### [Assignment]
Could you repeat the entries below exactly, but only from the line with "This copy of" through the line with "Double doors from", and without any picture?

### [Dataset excerpts]

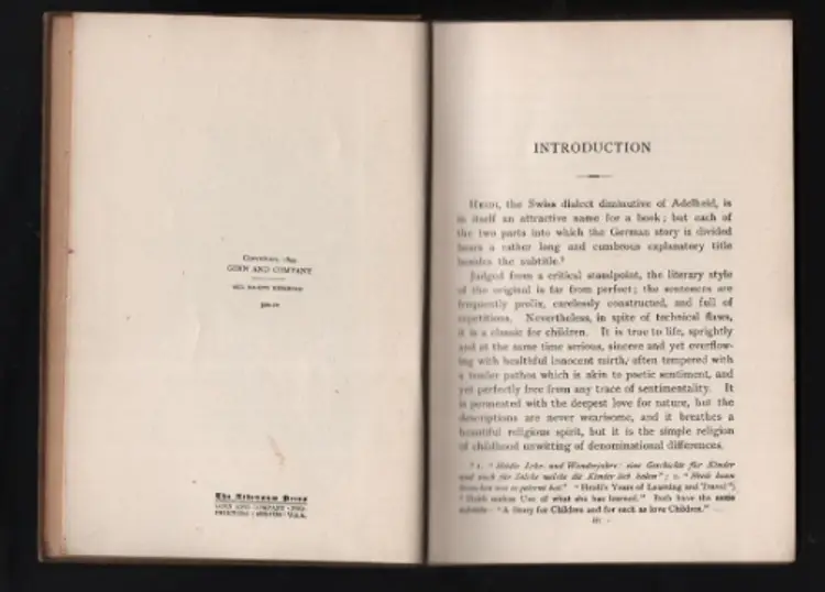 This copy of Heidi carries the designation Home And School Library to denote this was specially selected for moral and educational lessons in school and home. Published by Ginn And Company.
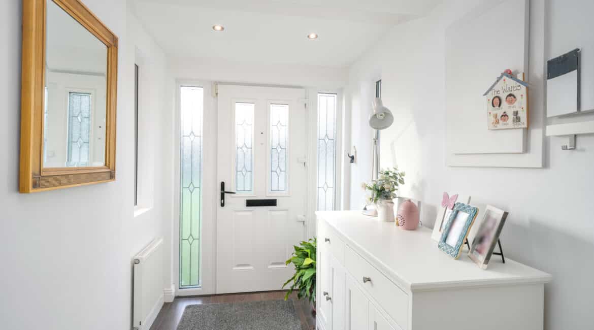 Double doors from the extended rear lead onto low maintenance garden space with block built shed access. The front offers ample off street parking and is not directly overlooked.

==

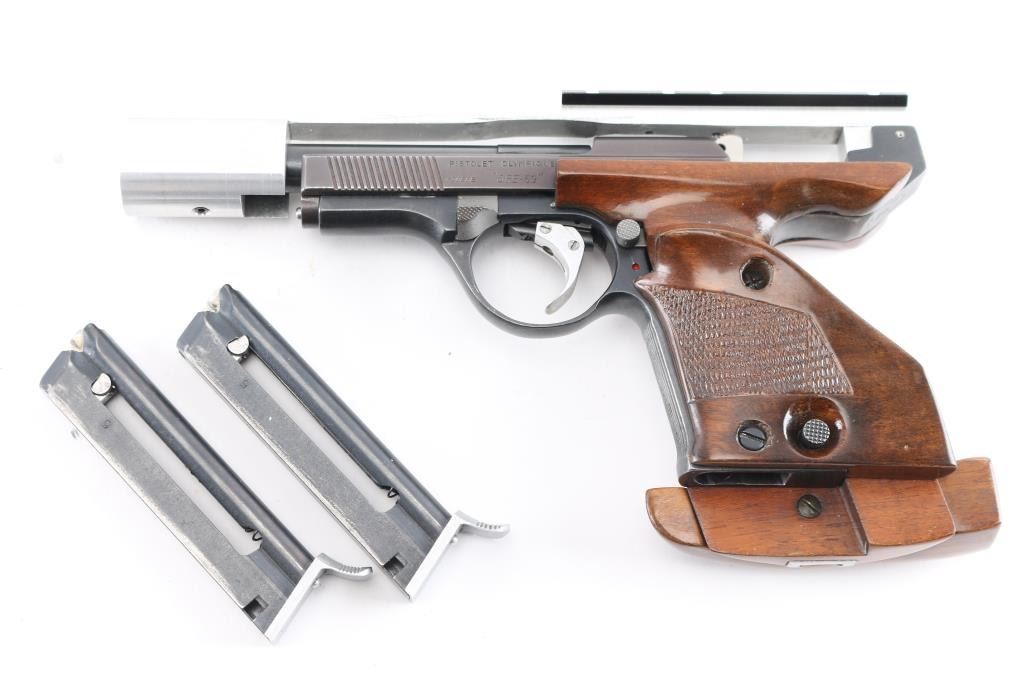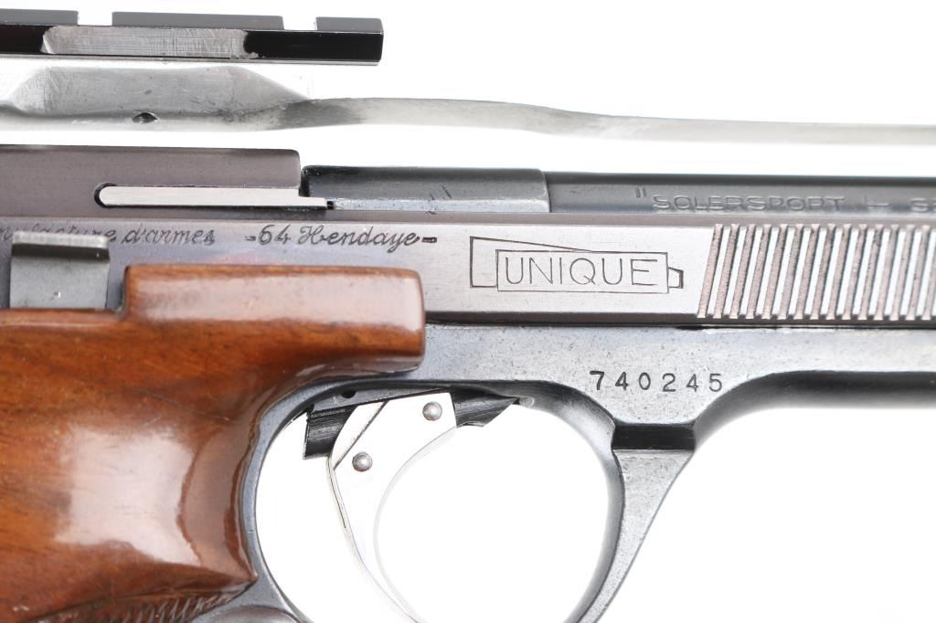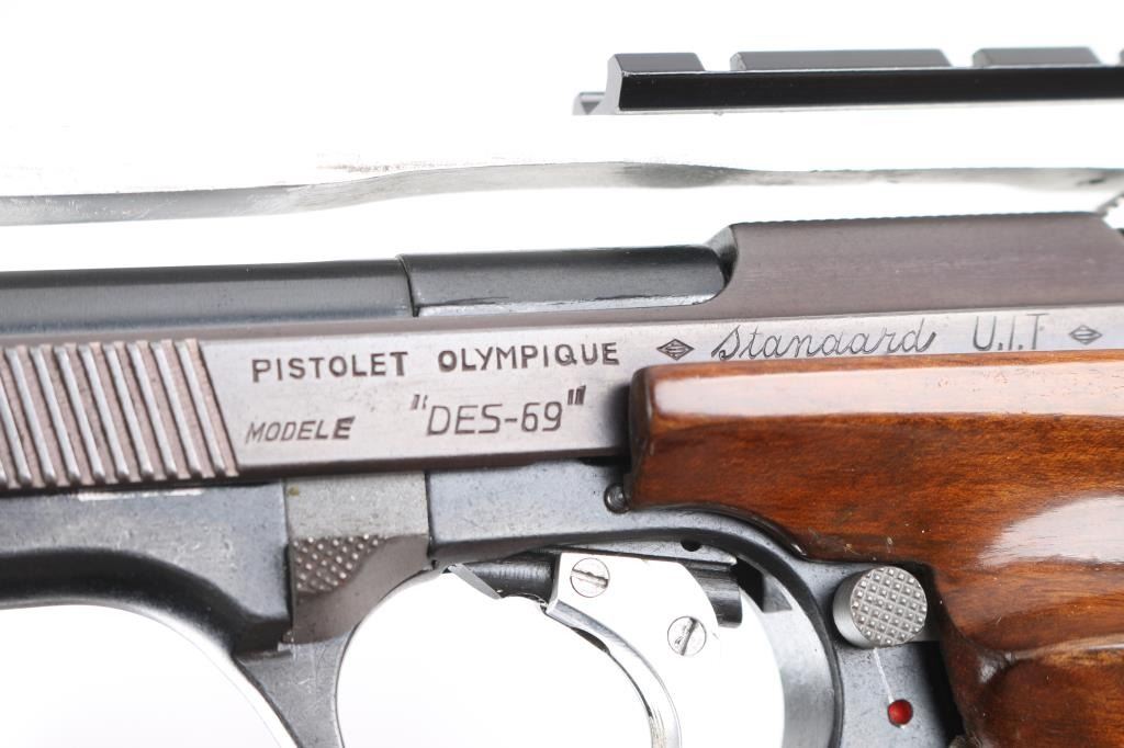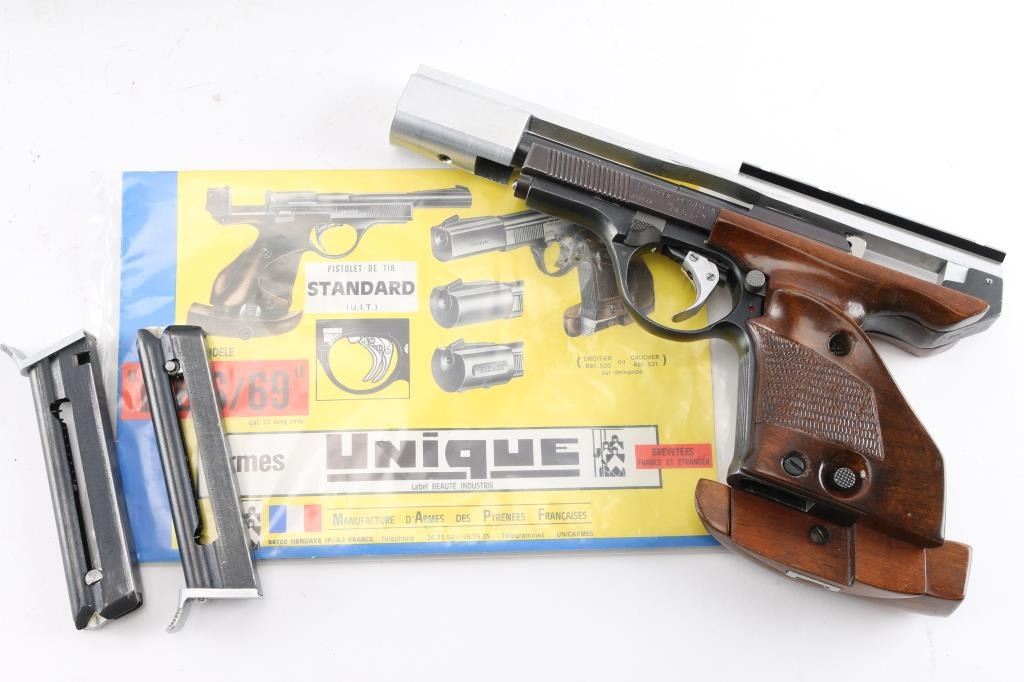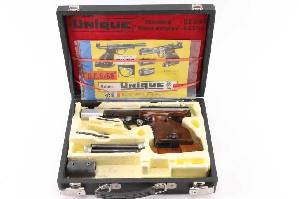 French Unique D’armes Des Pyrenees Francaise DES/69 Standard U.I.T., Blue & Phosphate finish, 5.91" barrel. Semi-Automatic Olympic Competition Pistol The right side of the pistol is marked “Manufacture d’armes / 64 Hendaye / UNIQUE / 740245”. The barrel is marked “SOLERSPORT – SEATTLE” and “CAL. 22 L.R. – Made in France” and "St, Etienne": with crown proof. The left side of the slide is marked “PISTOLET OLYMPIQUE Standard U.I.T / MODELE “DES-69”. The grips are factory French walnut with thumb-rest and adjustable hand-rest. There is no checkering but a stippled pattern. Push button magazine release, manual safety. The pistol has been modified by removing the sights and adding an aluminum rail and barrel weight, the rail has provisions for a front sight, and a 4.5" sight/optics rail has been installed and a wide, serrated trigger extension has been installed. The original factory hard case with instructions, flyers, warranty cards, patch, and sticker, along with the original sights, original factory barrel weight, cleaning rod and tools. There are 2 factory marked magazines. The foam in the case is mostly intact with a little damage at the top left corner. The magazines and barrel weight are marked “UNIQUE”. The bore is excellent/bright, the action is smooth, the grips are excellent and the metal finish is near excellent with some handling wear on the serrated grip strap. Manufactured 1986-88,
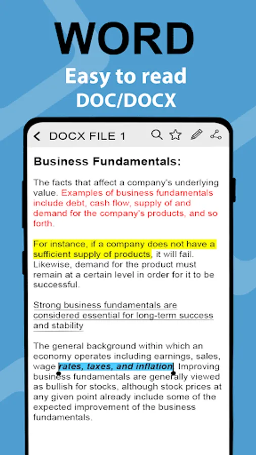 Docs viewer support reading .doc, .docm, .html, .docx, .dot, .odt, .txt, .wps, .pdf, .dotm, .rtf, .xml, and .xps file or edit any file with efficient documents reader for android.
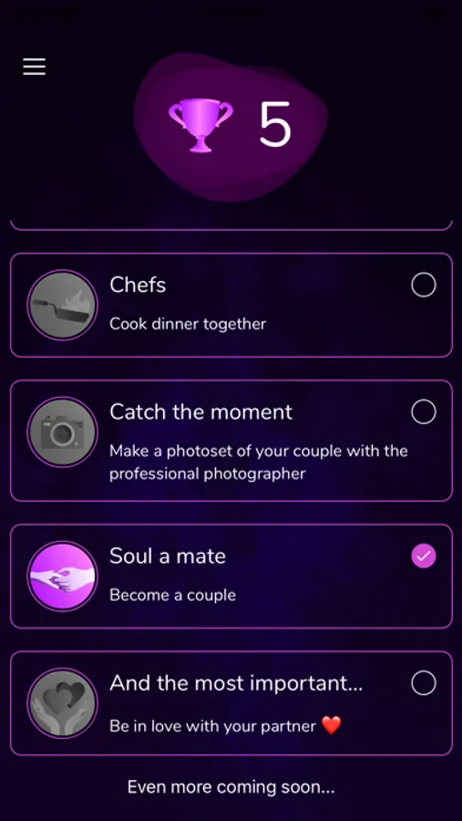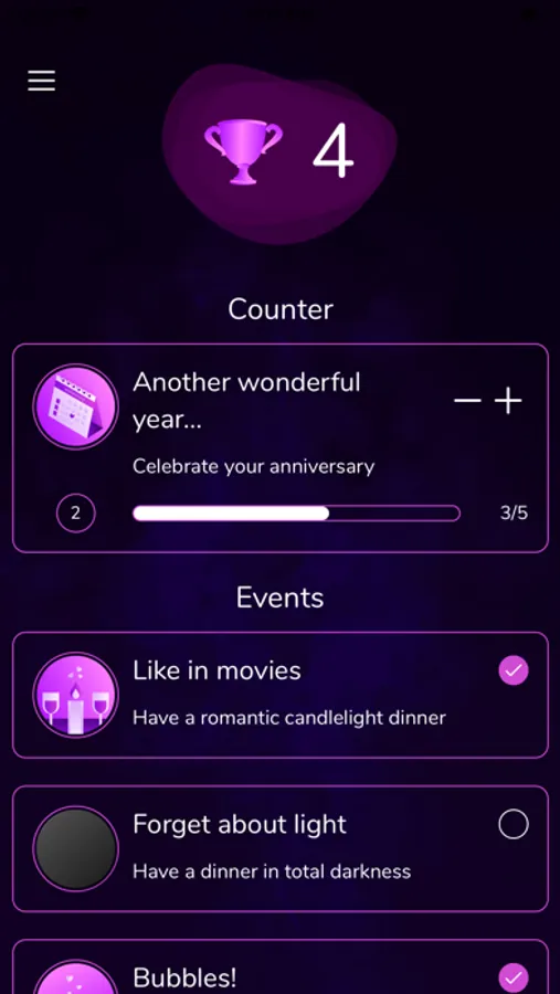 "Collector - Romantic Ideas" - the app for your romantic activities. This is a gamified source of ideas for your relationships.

---

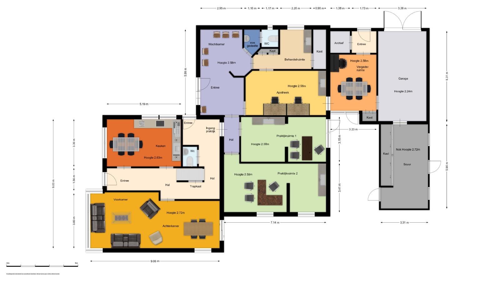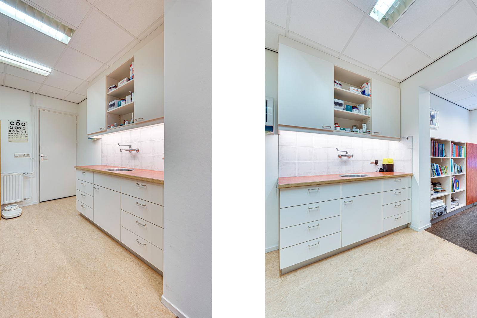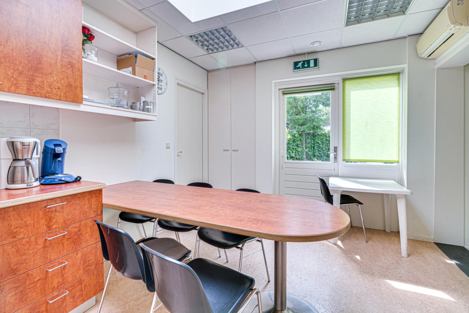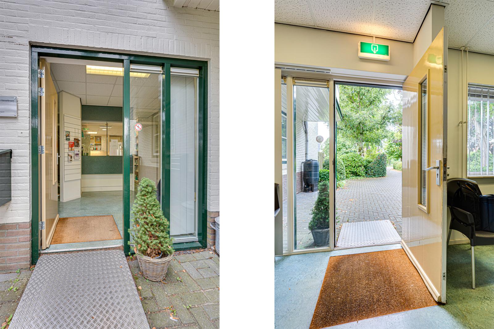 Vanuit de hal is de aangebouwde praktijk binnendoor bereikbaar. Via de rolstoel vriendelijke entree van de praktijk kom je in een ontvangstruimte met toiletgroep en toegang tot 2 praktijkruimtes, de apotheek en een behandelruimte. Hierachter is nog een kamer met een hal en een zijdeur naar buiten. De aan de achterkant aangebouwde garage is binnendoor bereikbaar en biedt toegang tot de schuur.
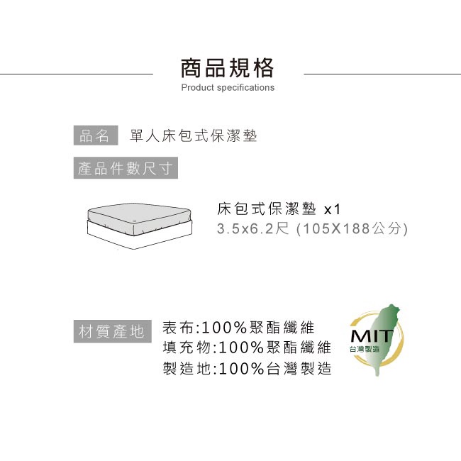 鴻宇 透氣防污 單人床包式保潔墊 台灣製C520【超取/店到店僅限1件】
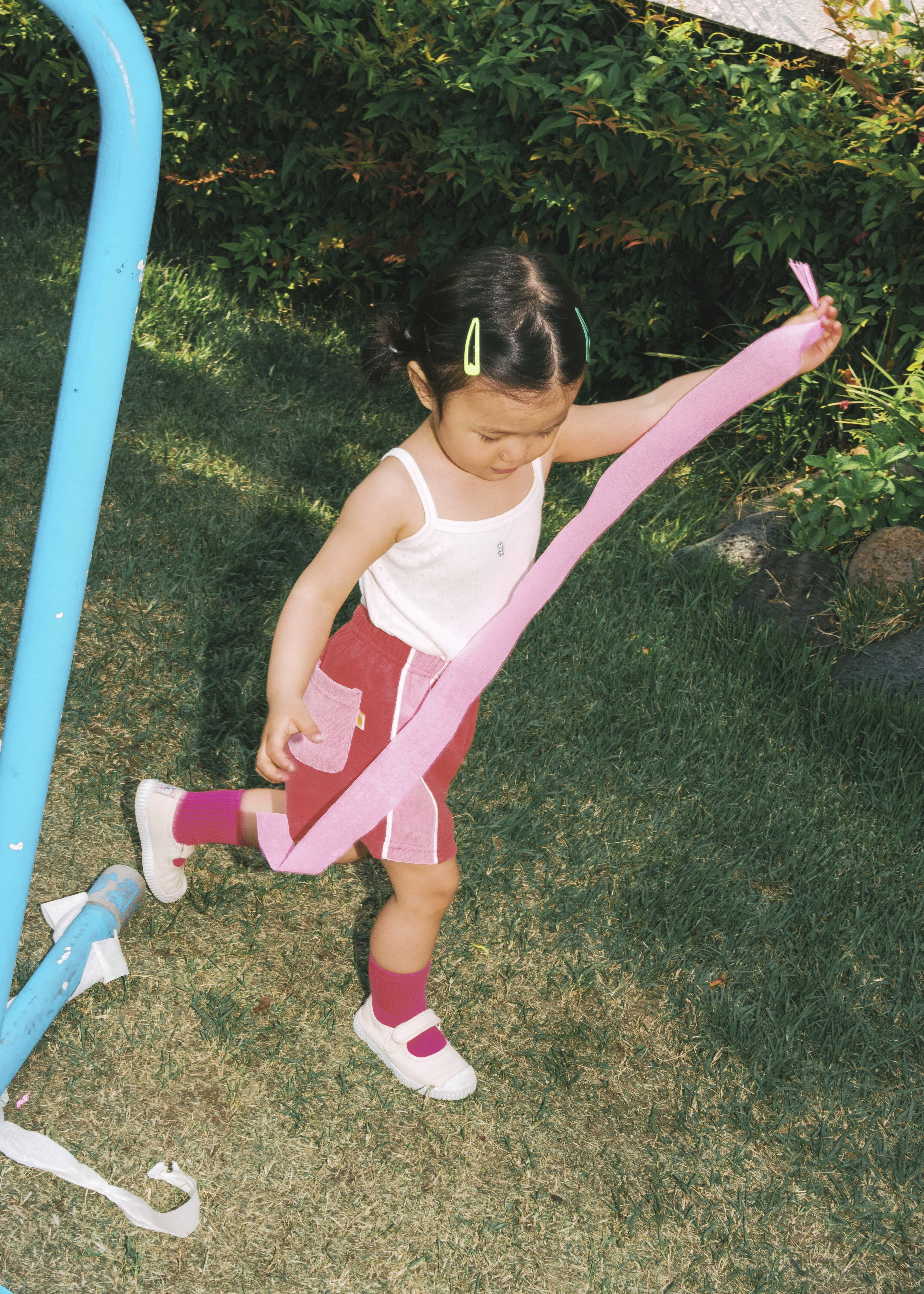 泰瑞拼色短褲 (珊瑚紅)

### [Solution to this exercise]
 This copy of Heidi carries the designation Home And School Library to denote this was specially selected for moral and educational lessons in school and home. Published by Ginn And Company.
 Double doors from the extended rear lead onto low maintenance garden space with block built shed access. The front offers ample off street parking and is not directly overlooked.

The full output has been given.